Princeton play was within their offense, they don't have kids than can drive or initiate contact, offense is a backdoor layup or a 3. Again though if the passer saves that last dribble and gets it to his teammate quicker the defense can't recover to contest and the kid would've stepped into it more and likely made it.
Everyone wants to be Steph Curry. Curry nails that shot a majority of the time...these two kids...not so much. However, in the Princeton game, that was a good look, and they had nothing better down low.
Dogdeacon,
You do have a point that the passer could have gotten the ball back to the shooter and given him the extra second he needed to step a little more into the shot. But my point stands. When you are trailing by 1 point, a 28-foot 3 point shot with a hand in your face is not, and probably never will be, the best shot at the end of a college game (Travelman, I agree that if it is Steph Curry, it is a much higher percentage shot). And by the way Dogdeacon, the Princeton player had time to give a shot fake, have the Notre Dame player go flying by, dribble in a couple of steps and get off a significantly higher percentage shot. But he wanted to hit the 28 to 30 footer, Steph Curry style. Too much TV
And my point is... how many times do you see this at the end of games now? It happens a lot more often than the drive Jalen Adams made at the end of the Temple game. Oh, and how did that end? With a 3-foot lay up. Contested? Yes. But a much higher percentage shot than either of those two guys took today? Absolutely. Add to that if Jalen had missed his shot, the chance of a rebound and a put back is much better (ok, in the case of our front court this year marginally higher) in that case than on a long 3-pointer where the ball is going to bounce higher, harder and longer, as of course it did in both cases today.
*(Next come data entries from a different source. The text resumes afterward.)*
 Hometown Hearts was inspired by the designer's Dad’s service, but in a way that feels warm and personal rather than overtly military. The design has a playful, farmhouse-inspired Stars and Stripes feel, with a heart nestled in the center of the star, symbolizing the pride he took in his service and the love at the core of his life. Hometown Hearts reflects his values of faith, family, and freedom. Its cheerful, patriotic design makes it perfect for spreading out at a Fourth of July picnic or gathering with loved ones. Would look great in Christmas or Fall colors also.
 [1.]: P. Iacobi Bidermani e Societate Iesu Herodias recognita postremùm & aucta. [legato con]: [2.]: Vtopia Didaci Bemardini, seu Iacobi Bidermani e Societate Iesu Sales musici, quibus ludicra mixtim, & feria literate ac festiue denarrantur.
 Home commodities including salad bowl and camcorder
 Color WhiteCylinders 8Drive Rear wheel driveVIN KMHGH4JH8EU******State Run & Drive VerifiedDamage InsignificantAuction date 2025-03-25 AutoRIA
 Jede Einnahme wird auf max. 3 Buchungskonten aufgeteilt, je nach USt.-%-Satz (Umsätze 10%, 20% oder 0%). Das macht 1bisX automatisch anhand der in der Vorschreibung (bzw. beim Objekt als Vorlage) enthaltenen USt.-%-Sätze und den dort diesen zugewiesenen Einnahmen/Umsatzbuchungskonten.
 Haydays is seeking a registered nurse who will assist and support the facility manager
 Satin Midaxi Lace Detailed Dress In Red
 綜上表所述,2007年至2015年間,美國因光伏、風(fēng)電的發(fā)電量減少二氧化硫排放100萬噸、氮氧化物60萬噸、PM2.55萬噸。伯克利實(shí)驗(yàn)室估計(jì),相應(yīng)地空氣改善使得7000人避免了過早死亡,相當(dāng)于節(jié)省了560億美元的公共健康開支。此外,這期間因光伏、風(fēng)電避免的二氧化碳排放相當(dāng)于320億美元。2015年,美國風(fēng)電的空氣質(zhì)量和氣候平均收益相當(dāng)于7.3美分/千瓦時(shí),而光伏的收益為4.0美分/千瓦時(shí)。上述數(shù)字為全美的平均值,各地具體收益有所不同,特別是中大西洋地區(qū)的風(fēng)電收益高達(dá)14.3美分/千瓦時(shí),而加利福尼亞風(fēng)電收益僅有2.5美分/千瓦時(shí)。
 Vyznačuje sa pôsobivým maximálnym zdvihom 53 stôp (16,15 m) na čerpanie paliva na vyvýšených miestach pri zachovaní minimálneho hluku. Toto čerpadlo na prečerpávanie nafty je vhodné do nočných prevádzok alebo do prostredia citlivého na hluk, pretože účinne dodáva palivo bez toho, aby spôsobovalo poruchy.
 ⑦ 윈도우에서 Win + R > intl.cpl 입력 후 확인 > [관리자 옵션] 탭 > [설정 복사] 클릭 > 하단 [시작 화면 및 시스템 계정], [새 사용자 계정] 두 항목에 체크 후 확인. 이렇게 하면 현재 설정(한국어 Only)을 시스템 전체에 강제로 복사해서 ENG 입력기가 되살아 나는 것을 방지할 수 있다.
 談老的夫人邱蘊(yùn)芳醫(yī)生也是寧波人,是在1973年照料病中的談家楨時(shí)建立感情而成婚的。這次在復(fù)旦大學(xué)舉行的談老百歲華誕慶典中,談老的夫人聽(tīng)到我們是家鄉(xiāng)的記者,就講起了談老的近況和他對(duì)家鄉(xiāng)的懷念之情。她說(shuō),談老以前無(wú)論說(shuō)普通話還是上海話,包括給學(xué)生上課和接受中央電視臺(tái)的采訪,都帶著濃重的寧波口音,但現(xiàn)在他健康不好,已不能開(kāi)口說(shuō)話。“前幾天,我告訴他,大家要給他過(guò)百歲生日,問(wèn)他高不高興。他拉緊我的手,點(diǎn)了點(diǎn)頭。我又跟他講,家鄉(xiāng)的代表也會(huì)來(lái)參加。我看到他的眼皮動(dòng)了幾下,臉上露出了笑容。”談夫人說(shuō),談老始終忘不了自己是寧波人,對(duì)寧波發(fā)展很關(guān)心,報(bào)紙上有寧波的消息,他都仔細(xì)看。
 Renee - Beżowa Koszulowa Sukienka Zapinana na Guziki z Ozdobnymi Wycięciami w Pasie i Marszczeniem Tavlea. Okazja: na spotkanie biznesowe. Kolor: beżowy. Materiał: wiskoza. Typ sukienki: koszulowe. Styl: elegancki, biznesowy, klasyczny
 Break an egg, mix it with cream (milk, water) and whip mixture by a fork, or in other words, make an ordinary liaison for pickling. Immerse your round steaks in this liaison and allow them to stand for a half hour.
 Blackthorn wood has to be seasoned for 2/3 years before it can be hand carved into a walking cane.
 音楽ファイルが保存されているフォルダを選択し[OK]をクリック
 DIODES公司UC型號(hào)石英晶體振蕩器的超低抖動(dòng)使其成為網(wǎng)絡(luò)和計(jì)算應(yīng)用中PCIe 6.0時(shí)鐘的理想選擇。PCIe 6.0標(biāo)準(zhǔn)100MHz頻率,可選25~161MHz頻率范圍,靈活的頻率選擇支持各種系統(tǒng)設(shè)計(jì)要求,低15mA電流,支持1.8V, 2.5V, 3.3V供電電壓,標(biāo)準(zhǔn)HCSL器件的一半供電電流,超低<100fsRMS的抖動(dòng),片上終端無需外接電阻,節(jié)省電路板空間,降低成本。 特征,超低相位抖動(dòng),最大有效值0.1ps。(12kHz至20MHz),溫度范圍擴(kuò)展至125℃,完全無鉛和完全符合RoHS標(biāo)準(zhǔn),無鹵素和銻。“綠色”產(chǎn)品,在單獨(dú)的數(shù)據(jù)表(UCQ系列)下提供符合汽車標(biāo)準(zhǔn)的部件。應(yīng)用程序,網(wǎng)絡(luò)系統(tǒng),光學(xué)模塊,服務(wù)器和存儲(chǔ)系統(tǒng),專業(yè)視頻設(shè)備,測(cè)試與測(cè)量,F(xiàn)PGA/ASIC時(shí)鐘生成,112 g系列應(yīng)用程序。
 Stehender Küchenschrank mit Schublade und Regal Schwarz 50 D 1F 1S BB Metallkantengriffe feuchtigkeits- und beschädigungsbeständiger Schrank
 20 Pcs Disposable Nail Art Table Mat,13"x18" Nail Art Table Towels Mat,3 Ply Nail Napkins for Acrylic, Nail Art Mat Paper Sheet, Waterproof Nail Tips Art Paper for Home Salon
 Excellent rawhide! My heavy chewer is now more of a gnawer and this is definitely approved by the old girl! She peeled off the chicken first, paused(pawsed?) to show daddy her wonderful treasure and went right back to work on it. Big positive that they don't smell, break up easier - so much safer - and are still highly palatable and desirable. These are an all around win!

It is a dumb, selfish, very-low percentage play to shoot that long range 3-point shot at the end of a 1 point game. The results time and time again prove that to be true, as it did both times today. And I believe that it is never a called play by a coach (at this level, anyway) but selfishness from the player who does it because he wants to see his face on SportsCenter instead of giving his team a better chance to win.